Besonders interessant für:
  • Vakuumtechnik
  • Prozesstechnik

Mit einem neuen dynamischen Drucknormal der PTB kann der Druck von 100 kPa bis 100 Pa innerhalb von 20 ms stufenartig oder innerhalb von 1 s in definierter Weise verringert und damit das Zeitverhalten von Vakuummessgeräten untersucht werden.

In vielen Bereichen der Industrie müssen Vakuummessgeräte schnelle Druckänderungen mit hoher Zeitauflösung verfolgen. Beispiele sind die Beschichtung von PET-Flaschen im Hochvakuum, die Metallisierung von CDs oder DVDs, Lecktests mit Vakuumtechnik oder diverse Prozesse in der Beleuchtungsindustrie, jeweils mit Taktzeiten von nur 1,5 s bis 3 s. Während die Hersteller von Vakuummessgeräten beim Elektronikteil ihren Kunden recht gut nachweisen können, dass ihre Messgeräte schnell genug für die Steuerung dieser Prozesse sind, gibt es bisher für den dem Vakuum ausgesetzten Messkopf keine Möglichkeit, die Antwortzeit des realisierten Messprinzips auf schnelle Druckänderungen zu testen.

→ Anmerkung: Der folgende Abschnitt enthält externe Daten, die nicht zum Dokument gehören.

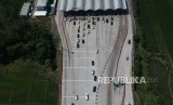 REPUBLIKA.CO.ID, CIREBON -- Sejumlah kendaraan pemudik melintas di pintu masuk tol Cipali, Palimanan, Cirebon, Jawa Barat, Rabu (13/6).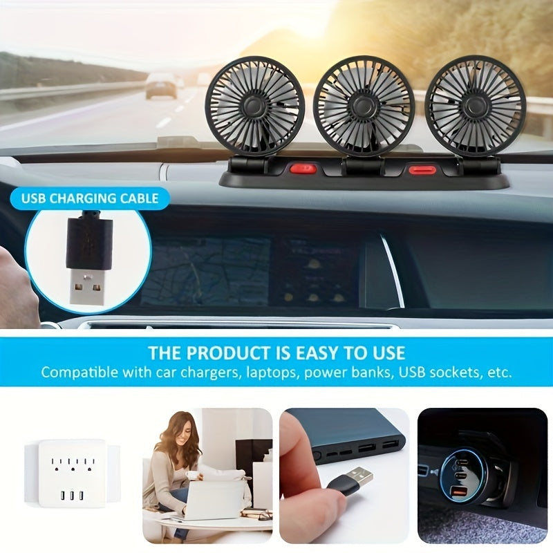 3-Head USB автомобильный вентилятор 5V портативный охладитель для транспортных средств из пластика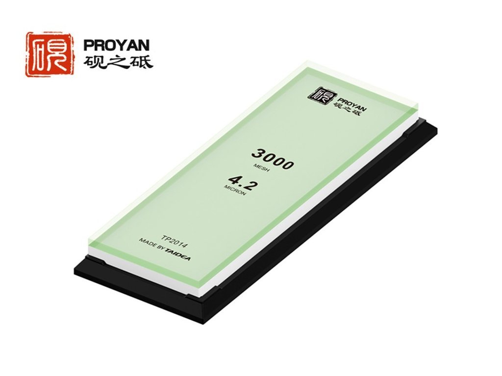 Vodní brusný kámen, zrnitosti 3000. Kámen má na spodní části základnu z tvrzeného skla. Díky tomu je kámen bez deformací a nehrozí jeho ohnutí. Běžné brusné kameny se mohou mikroskopicky deformovat absorbováním vody, ale kameny Taidea Glass Stone řeší tento problém svojí extrémně plochou základnou z tvrzeného skla. Další výhodou skleněné základny je, že zrnitost na spodní straně je vždy viditelná i po dlouhém používání. Rozměr brusné plochy je 20 x 7 cm, díky čemuž na kameni pohodlně nabrousíte i větší nože. Kámen je uložen v plastovém podstavci. Protiskluzové nožičky na podstavci zajišťují bezpečné a stabilní broušení. Tento brusný kámen nabrousí kapesní i pevné nože všech druhů a lze jej použít i na kuchyňské nože.

Die PTB hat dafür im Rahmen des europäischen Forschungsprojekts EMRP IND12 ein dynamisches Vakuumnormal aufgebaut. Dabei wird der Druck um drei Dekaden gesenkt, indem das Gas aus einem sehr kleinen Volumen von etwa 0,1 L in ein sehr großes evakuiertes Volumen von etwa 180 L expandieren kann. Die zu testenden Vakuummessgeräte werden am kleinen Volumen angeflanscht. Ein großes, speziell zu diesem Zweck entwickeltes Schieberventil, das innerhalb von 4,6 ms einen Querschnitt von 12,5 cm2 freigibt, öffnet den Weg für das Gas zwischen den zwei Volumina, sodass der Druck im kleinen Volumen innerhalb von 20 ms von 100 kPa auf 100 Pa abgesenkt werden kann. Über Blenden oder Düsen lassen sich auch langsamere Expansionen realisieren.

Um das Zeitverhalten bei der Druckmessung zu ermitteln, werden die experimentellen Werte mit Berechnungen zum zeitlichen Verlauf des Drucks im kleinen Volumen während der Expansion verglichen. Diese Simulationen sind sehr aufwendig, da zu jedem Zeitpunkt alle drei Strömungsarten auftreten, nämlich viskose, molekulare und Übergangsströmung, und sich deren räumliche Übergänge zeitlich verändern. Auch sind die veränderliche Geometrie des sich schnell öffnenden Ventils und die starken Einflüsse der schnellen Druckänderungen auf die Temperatur zu berücksichtigen. So konnte vor einer Blende eine Temperaturabsenkung auf etwa 165 K berechnet und gemessen werden. Die Simulationen wurden mit der Software ANSYS CFX und einem selbstentwickelten Programm auf der Basis von OpenFOAM® durchgeführt.

An dem neuen Normal wurden bereits die ersten Vakuummessgeräte getestet. Bei schnellen kapazitiven Membranvakuummetern, die von der Firma INFICON speziell für das Projekt entwickelt worden waren, wurde eine Obergrenze von 1,3 ms für die 1/e-Antwortzeit bei Druckänderung ermittelt.

Wissenschaftliche Veröffentlichung:

K. Jousten, S. Pantazis, J. Buthig, R. Model, M. Wüest, J. Iwicki: A standard to test the dynamics of vacuum gauges in the millisecond range. Vacuum 100, 14–17 (2013)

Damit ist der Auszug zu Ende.